While delaying some of the metallurgical test work and field work, the current COVID-19 situation had not impacted the progress of the main engineering study, according to Los Andes. “All employees and subcontractors are working from home where possible and only a small group of individuals are working to prepare samples in the company’s Santiago core storage area,” it said.

The full PFS is not expected until the March quarter of 2021, but the company did outline some engineering leaps it has made since the PEA publication.

It said test work had shown that a HPGR circuit is feasible for the project and could provide “enhanced project economics with lower energy consumption and increased operating flexibility”.

The PEA outlined a SAG and ball mill crushing circuit with a target grind size of P80 (240 microns), but the more recent test work had shown room for an alternative with a three-stage crushing circuit using secondary crushers in open circuit and HPGR as a tertiary crusher in closed circuit. This circuit would target a grind size of P80 between 240-300 microns, the company said.

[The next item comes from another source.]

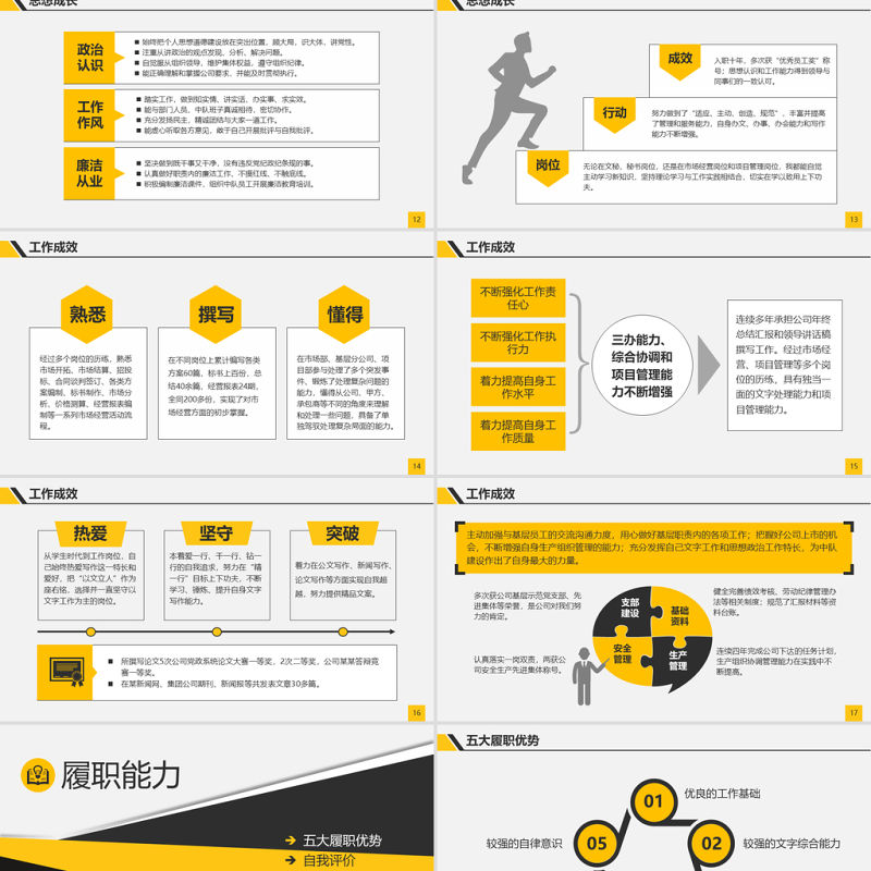 <p>崗位競聘報告競選崗位:行政部總監競聘人:代用名 2018.1</p><br><p>目錄CONTENTS崗位經歷干了些什么事情工作成效干得怎么樣履職能力有何能力履行職責工作規劃下一步怎么做</p><br><p>崗位經歷個人簡歷重要項目經歷崗位經歷</p><br><p>4個人簡歷學歷:北京大學本科學歷專業:行政管理籍貫:上海出生年月:1980年9月政治面貌:中共黨員所持有證書:列舉證書名稱自我評價:在公司工作近十年了,我認真工作,積累了一定的工作經驗的同時也對公司的營運非常了解。在領導和同事的關心幫助下出色地完成公司下達的各項工作。我擅長行政管理工作,項目管理,文案編制等。代用名現任職位:培訓主管</p><br><p>5崗位經歷2009年10月2010年10月崗位名稱輸入你工作的公司名稱列舉工作的主要內容及成績列舉工作的主要內容及成績列舉工作的主要內容及成績2010年11月2013年10月崗位名稱輸入你工作的公司名稱列舉工作的主要內容及成績列舉工作的主要內容及成績列舉工作的主要內容及成績</p><br><p>62013年11月2014年5月崗位名稱輸入你工作的公司名稱列舉工作的主要內容及成績列舉工作的主要內容及成績2014年6月2015年7月崗位名稱輸入你工作的公司名稱列舉工作的主要內容及成績列舉工作的主要內容及成績2015年8月2018年1月崗位名稱輸入你工作的公司名稱列舉工作的主要內容及成績列舉工作的主要內容及成績</p><br><p>7崗位經歷5年2年3年財務管理關于資產的購置(投資),資本的融通(籌資)和經營中現金流量(營運資金),以及利潤分配的管理。培訓專員負責管理員工培訓檔案,協助擬定培訓與發展計劃,聯系各類培訓機構,組織各類培訓并編寫評估報告。熟悉內部及外部培訓組織作業流程,熟悉培訓管理流程。行政管理既確定管理內容的目標和決定如何達到這些目標。采取具體措施,調動和協調各級行政管理人員按要求完成各項工作。</p><br><p>8重要項目經歷參與的重大項目010203040506輸入你參與的項目名稱配合集團經營公司、融資管理中心等相關部門,做好大量的會計報表資料、銀行資料、稅務資料工作。輸入你參與的項目名稱配合集團經營公司、融資管理中心等相關部門,做好大量的會計報表資料、銀行資料、稅務資料工作。輸入你參與的項目名稱配合集團經營公司、融資管理中心等相關部門,做好大量的會計報表資料、銀行資料、稅務資料工作。輸入你參與的項目名稱配合集團經營公司、融資管理中心等相關部門,做好大量的會計報表資料、銀行資料、稅務資料工作。輸入你參與的項目名稱配合集團經營公司、融資管理中心等相關部門,做好大量的會計報表資料、銀行資料、稅務資料工作。輸入你參與的項目名稱配合集團經營公司、融資管理中心等相關部門,做好大量的會計報表資料、銀行資料、稅務資料工作。</p><br><p>工作成就獎項榮譽工作成效思想成長情況</p><br><p>10獲得的獎項榮譽2008.10輸入你獲得的年度獎項名稱2009.5輸入你獲得的年度獎項名稱2010.1輸入你獲得的年度獎項名稱2012.10輸入你獲得的年度獎項名稱2017.11輸入你獲得的年度獎項名稱</p><br><p>11思想成長持續學習 不斷進步 參加工作十年時間里,無論在哪個工作崗位,我始終堅持持續學習,不斷充實自己。我認真貫徹黨的方針政策和公司的各項要求,始終保持政治學習及工作技能的培訓,在學習中領悟,在實踐中提升。確保自身思想與行動和公司保持一致。</p><br><p>12思想成長政治認識工作作風廉潔從業始終把個人思想道德建設放在突出位置,顧大局,識大體,講黨性。注重從講政治的觀點發現、分析、解決問題。自覺服從組織領導,維護集體權益,遵守組織紀律。能正確理解和掌握公司要求,并能及時貫徹執行。踏實工作,做到知實情、講實話、辦實事、求實效。能與部門人員、中隊班子真誠相待,密切協作。充分發揚民主,精誠團結與大家一道工作。能虛心聽取各方意見,敢于自己開展批評與自我批評。堅決做到既干事又干凈,沒有違反黨紀政紀條規的事。認真做好職責內的廉潔工作、不摸紅線、不觸底線。積極編制廉潔課件,組織中隊員工開展廉潔教育培訓。</p><br><p>13思想成長崗位無論在文秘,秘書崗位,還是在市場經營崗位和項目管理崗位,我都能自覺主動學習新知識,堅持理論學習與工作實踐相結合,切實在學以致用上下功夫。努力做到了“適應、主動、創造、規范”,豐富并提高了管理和服務能力,自身辦文、辦事、辦會能力和寫作能力不斷增強。行動成效入職十年,多次獲“優秀員工獎”稱號;思想認識和工作能力得到領導與同事們的一致認可。</p><br><p>14工作成效熟悉經過多個崗位的歷練,熟悉市場開拓、市場結算、招投標、合同談判簽訂、各類方案編制、標書制作、市場分析、價格測算、經營報表編制等一系列市場經營活動流程。撰寫在不同崗位上累計編寫各類方案60篇,標書上百份,總結40余篇,經營報表24期,全同200多份,實現了對市場經營方面的初步掌握。在市場部、基層分公司、項目部參與處理了多個突發事件、鍛煉了處理復雜問題的能力,懂得從公司、甲方、承包商等不同的角度來理解和處理一些問題,具備了單獨駕馭處理復雜局面的能力。懂得</p><br><p>15工作成效不斷強化工作責任心不斷強化工作執行力著力提高自身工作水平著力提高自身工作質量三辦能力、綜合協調和項目管理能力不

Such a change would avoid the use of a coarse ore stockpile, reduce energy consumption, reduce maintenance, and reduce the project footprint, it said.

HPGRs have previously been used at Chile mining operations, including the Compañía Minera del Pacífico-owned Mina Los Colorados iron ore mine and KGHM’s majority-owned Sierra Gorda operation.

Los Andes clarified: “HPGR technology has been identified as the most attractive grinding alternative given the data obtained from the preliminary test work conducted to date.”

The next big advance was made on the tailings side, with the company saying test work had shown that the project is amenable to filtering and dry-stacked tailings.

“This change would significantly reduce the project’s water consumption, footprint and environmental impact,” it said. It would also, one would expect, provide a much smoother environmental permitting route for Vizcachitas considering the negative sentiment surrounding thickened tailings dams in the industry.

There are knock-on benefits to this move too, with the reduced footprint required for dry-stacked tailings meaning all project infrastructure could fit into one operating complex in the Rocin Valley of Chile, around 150 km northeast of Santiago. The PEA previously outlined the use of infrastructure in both the Rocin Valley and the Chalaco Valley.

The preliminary filtration circuit Los Andes is working with shows the coarse fraction (87% of total tailings) could be filtered in belt filters, with the fine fraction (13%) filtered in pressure filters.

Recent studies on other dry-stack tailings project have tended to use either belt filters or pressure filters, but Los Andes said the combination of the two added flexibility to the tailings filtration operation at Vizcachitas and reduced operational risks due to variability of the finer fraction in tailings.

This would see the company require 12 belt filters and three filter presses for the 110,000 t/d copper-molybdenum operation.

According to the company, dry-stacked tailings would:

  • Reduce water consumption by around 50%;
  • Reduce the project’s footprint;
  • Be better suited for areas of high seismic activity;
  • Be transported by trucks or conveyors;
  • Eliminate the need for a traditional dam wall; and
  • Reduce the environmental risk by avoiding contact with ground water.